(Records from a collection)

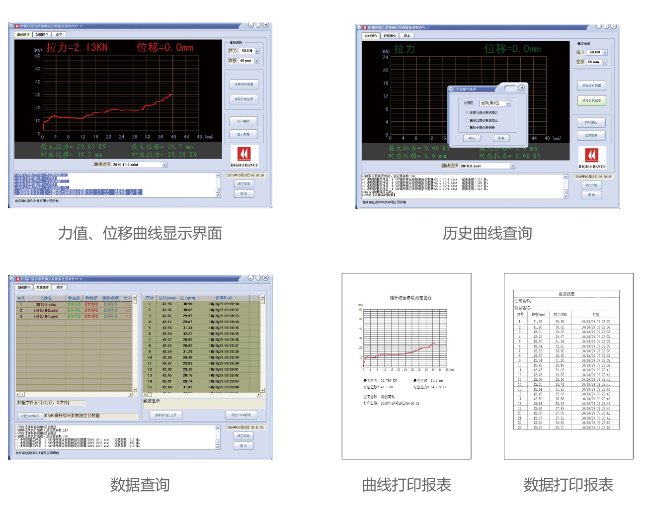 HCYL-60型锚杆综合参数测定仪是在原有锚杆拉拔仪测力的基础上,增加位移和环境温度的测量,根据力值和位移的逐渐变化绘制出测量曲线。此仪器具有强大的数据存储功能。在试验的全过程中将位移、力值及变化曲线定时自动存储记录在仪器中。
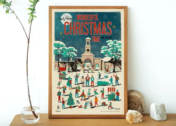Wonderful Christmas Time Poster Retro Christmas Poster Christmas Lover Reindeer And Santa Poster No Frame
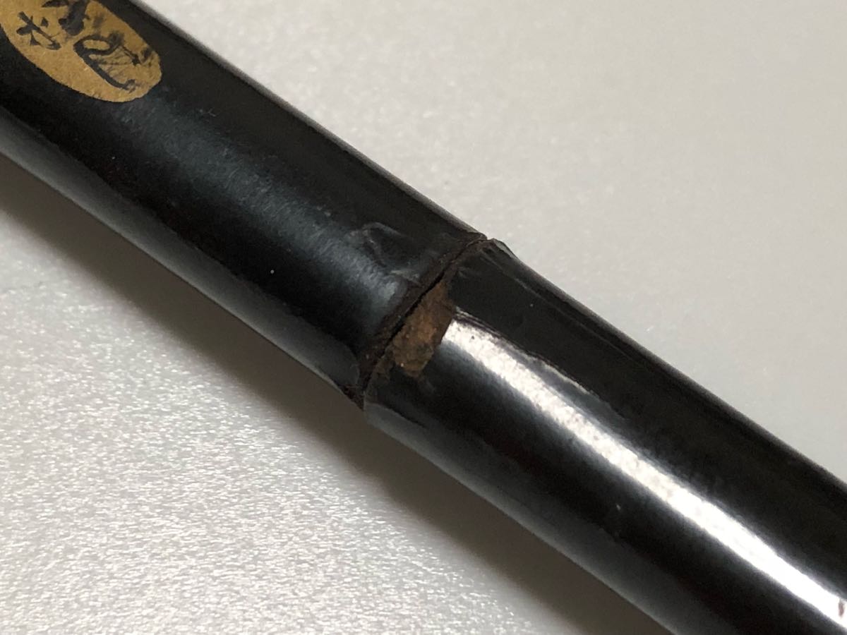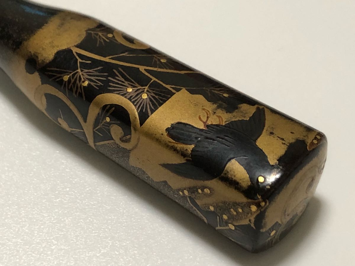 アンティークの木製漆塗りに金蒔絵を施した、扇千鳥文の笄です。作者、松月の銘があります。一部、漆の剥がれがあります。
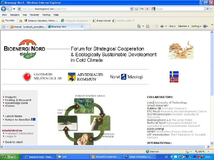 GME in collaboration with Arvidsjaur kommun completed seven biofuel projects 1997 -2008: (you can find all project reports on www. bioenerginord. com ) 1. KAB – An inventory of the biofuel potential of the local district (1997 -1999). 2. Reed Canary Grass – Energy grass cultivation on peat soil land in collaboration with the Swedish Agricultural University. 3. Marketing and information to the public about biofuel pellets. 4. Inventory of the ash and sludge quantaties of Northern Sweden (for possible use as a fertilizer) 5. The construction of a Biofuel Test Station 6. Inventory and analysis of commercial use of White Hardwood (2005 -2007) 7. Lifecycle-based bioenergy in Cold Climate (2006 -2008)
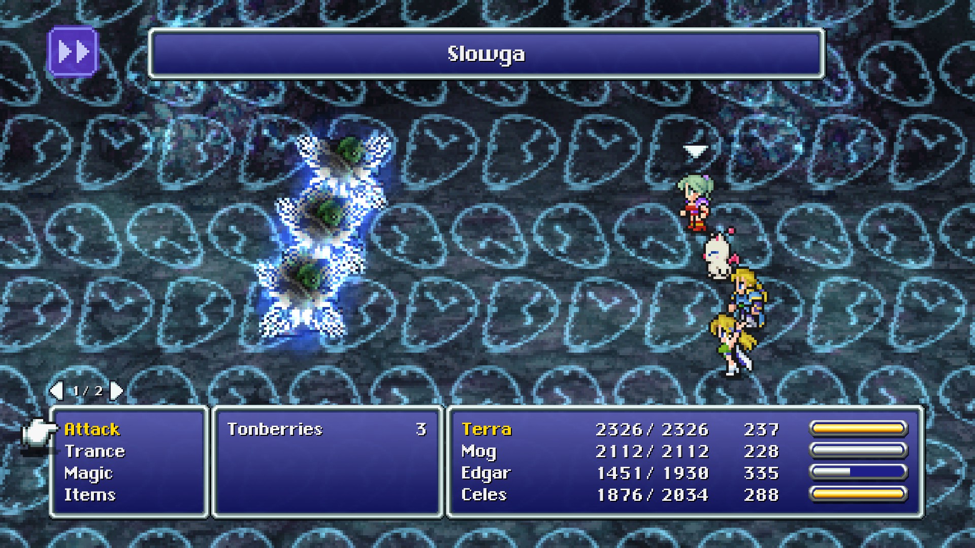 Slowga, also known as Slow 2,[1][2] is an Effect spell in Final Fantasy VI. It inflicts the slow effect on all enemies , which halves the rate their Active Time Battle bar fills, effectively halving their turn rates. The spell is taught by magicite, and outclasses the basic Slow spell that only targets one unit.
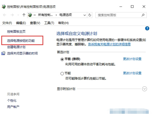 4、然后點擊“選擇電源按鈕的功能”鏈接;
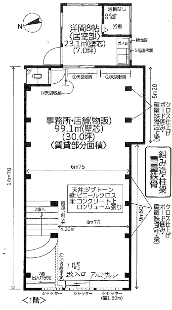 - 元テナント:家具店 店舗部30坪、居宅部7坪 検査済証無し

Exercise prompt → Transcribe all of the data above exactly; no picture belongs in the copy.

Response to the exercise →
 HCYL-60型锚杆综合参数测定仪是在原有锚杆拉拔仪测力的基础上,增加位移和环境温度的测量,根据力值和位移的逐渐变化绘制出测量曲线。此仪器具有强大的数据存储功能。在试验的全过程中将位移、力值及变化曲线定时自动存储记录在仪器中。
Wonderful Christmas Time Poster Retro Christmas Poster Christmas Lover Reindeer And Santa Poster No Frame
 アンティークの木製漆塗りに金蒔絵を施した、扇千鳥文の笄です。作者、松月の銘があります。一部、漆の剥がれがあります。
 GME in collaboration with Arvidsjaur kommun completed seven biofuel projects 1997 -2008: (you can find all project reports on www. bioenerginord. com ) 1. KAB – An inventory of the biofuel potential of the local district (1997 -1999). 2. Reed Canary Grass – Energy grass cultivation on peat soil land in collaboration with the Swedish Agricultural University. 3. Marketing and information to the public about biofuel pellets. 4. Inventory of the ash and sludge quantaties of Northern Sweden (for possible use as a fertilizer) 5. The construction of a Biofuel Test Station 6. Inventory and analysis of commercial use of White Hardwood (2005 -2007) 7. Lifecycle-based bioenergy in Cold Climate (2006 -2008)
 Slowga, also known as Slow 2,[1][2] is an Effect spell in Final Fantasy VI. It inflicts the slow effect on all enemies , which halves the rate their Active Time Battle bar fills, effectively halving their turn rates. The spell is taught by magicite, and outclasses the basic Slow spell that only targets one unit.
 4、然后點擊“選擇電源按鈕的功能”鏈接;
 - 元テナント:家具店 店舗部30坪、居宅部7坪 検査済証無し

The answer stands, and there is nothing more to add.